HD 118203 / Liesma

Observation data Epoch J2000.0 Equinox ICRS
- Constellation: Ursa Major
- Right ascension: 13^{h} 34^{m} 02.5394^{s}
- Declination: +53° 43′ 42.698″
- Apparent magnitude (V): 8.06

Characteristics
- Evolutionary stage: subgiant
- Spectral type: G0V
- B−V color index: 0.699±0.012

Astrometry
- Radial velocity (R_{v}): −29.37±0.13 km/s
- Proper motion (μ): RA: −85.849(18) mas/yr Dec.: −78.888(20) mas/yr
- Parallax (π): 10.8643±0.0180 mas
- Distance: 300.2 ± 0.5 ly (92.0 ± 0.2 pc)
- Absolute magnitude (M_{V}): 3.32

Details
- Mass: 1.353±0.006 M_{☉}
- Radius: 1.993±0.065 R_{☉}
- Luminosity: 4.42±0.02 L_{☉}
- Surface gravity (log g): 4.05±0.04 cgs
- Temperature: 5,872±20 K
- Metallicity [Fe/H]: 0.27±0.02 dex
- Rotational velocity (v sin i): 7.0 km/s
- Age: 5.4±0.5 Gyr
- Other designations: Liesma, BD+54°1609, HD 118203, HIP 66192, SAO 28802, TOI-1271, TIC 286923464, TYC 3850-458-1

Database references
- SIMBAD: The star
- Exoplanet Archive: data

= HD 118203 =

Star in the constellation Ursa Major

HD 118203 is a star with an orbiting exoplanet located in the northern circumpolar constellation of Ursa Major. It has the proper name Liesma, which means flame, and it is the name of a character from the Latvian poem Staburags un Liesma (Staburags and Liesma). The name was selected in the NameExoWorlds campaign by Latvia, during the 100th anniversary of the IAU.

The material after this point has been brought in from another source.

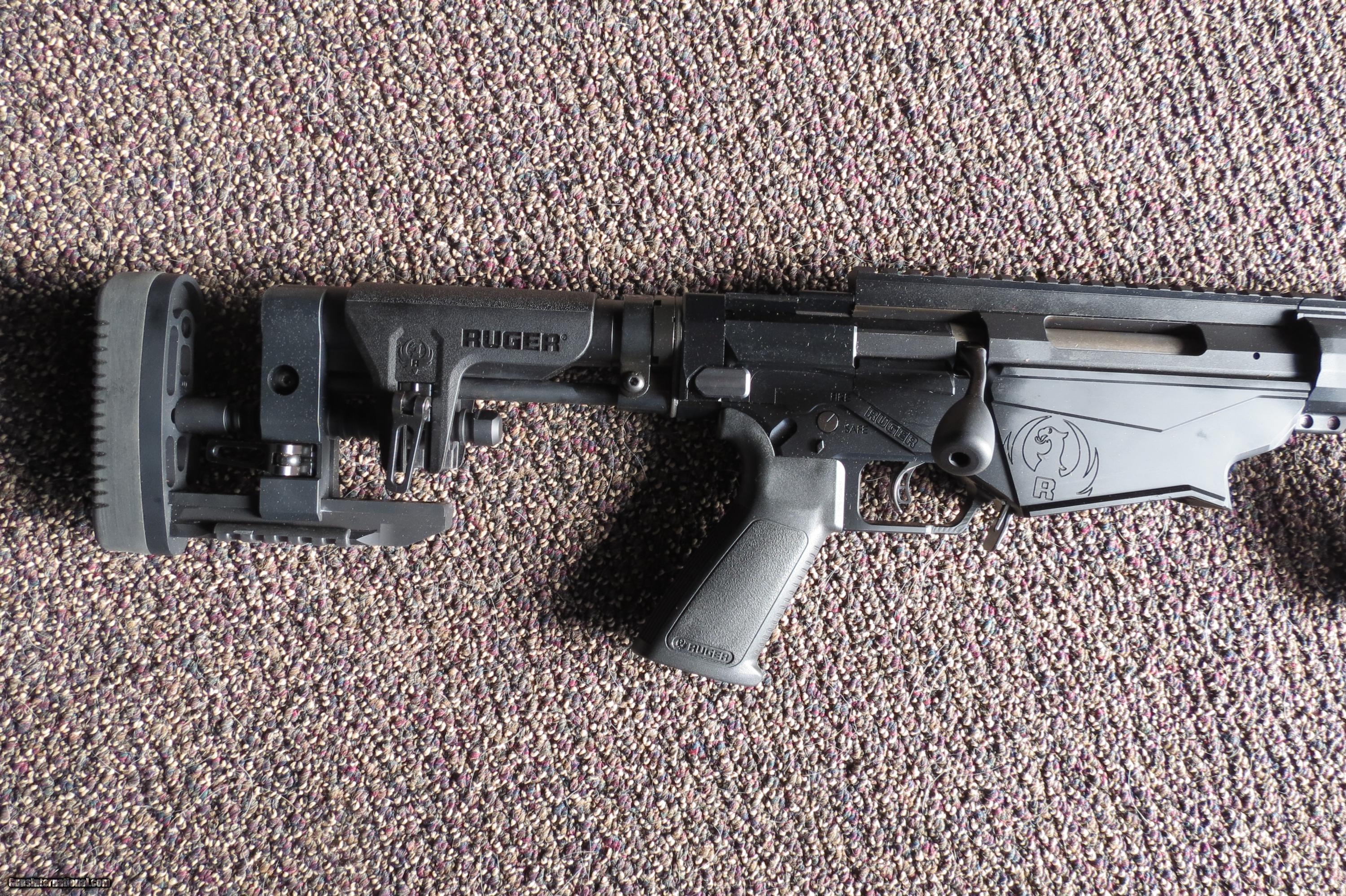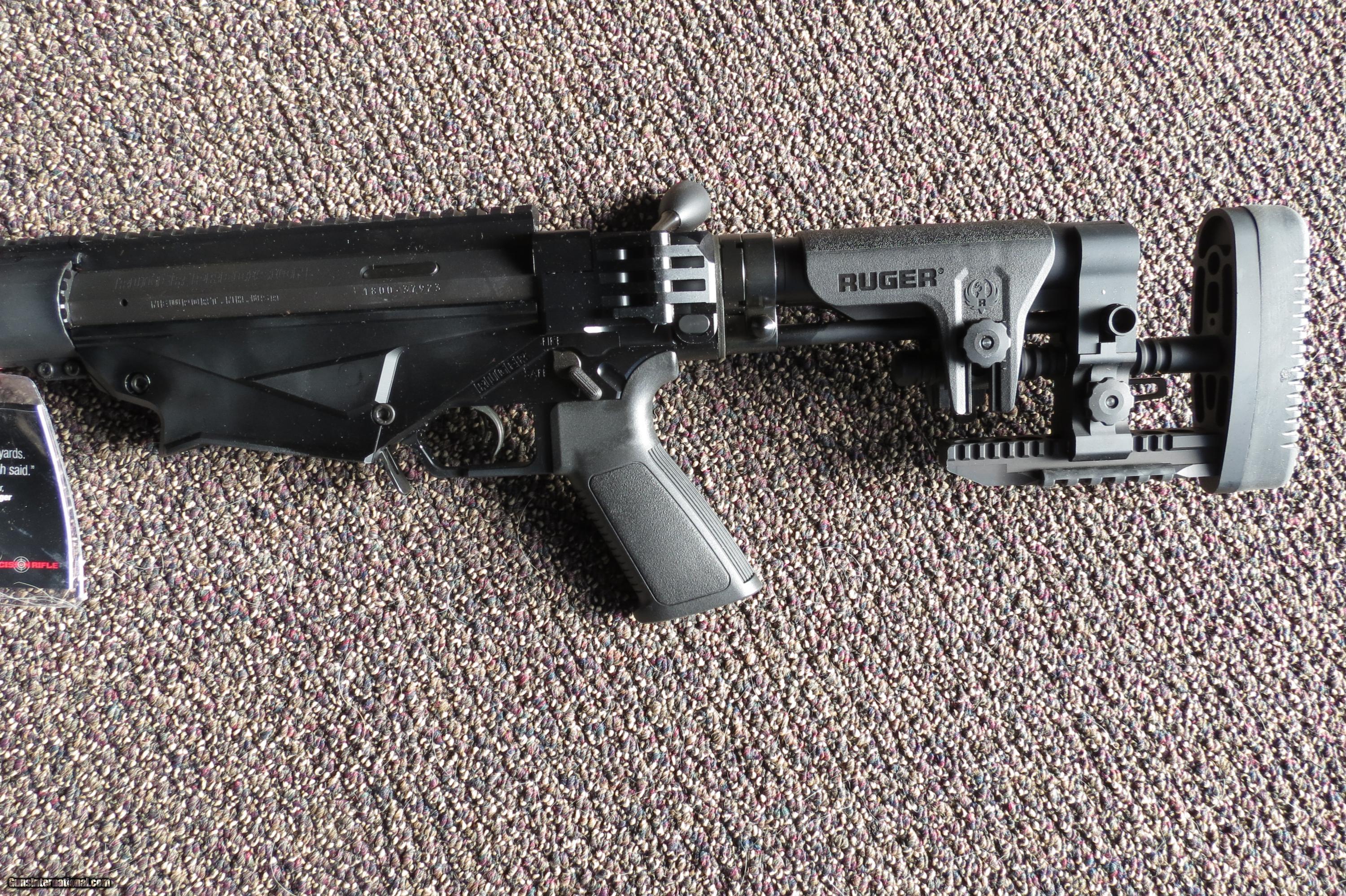 Description: Ruger Precision Rifle new in box, 308 Winchester, in-line recoil path, 20 inch free-floating cold hammer forged barrel, Multi-Magazine ingerface with two 10 round Magpul PMAGS, oversized bolt handle, Samson Evolution Keymod handguard, AR-style grip, Ruger Marksman Adjusteble trigger, MSR stock is foldable and adjustable for comb and LOP, Multiple QD sling attachment points, bottom Picatinny rail, soft rubber buttpad, left-folding stock hinge is attached to AR-style buffer tube and accepts AR-style stocks. Shipping/Insurance $35 SOLD Manufacturer: Ruger Model: Precisioin Caliber Info: 308 Winchester Condition: New in Box |

The apparent visual magnitude of HD 118203 is 8.06, which means it is invisible to the naked eye but it can be seen using binoculars or a telescope. Based on parallax measurements, it is located at a distance of 300 light years from the Sun. The star is drifting closer with a radial velocity of −29 km/s. Based on its position and space velocity this is most likely (97% chance) an older thin disk star. An exoplanet has been detected in a close orbit around the star.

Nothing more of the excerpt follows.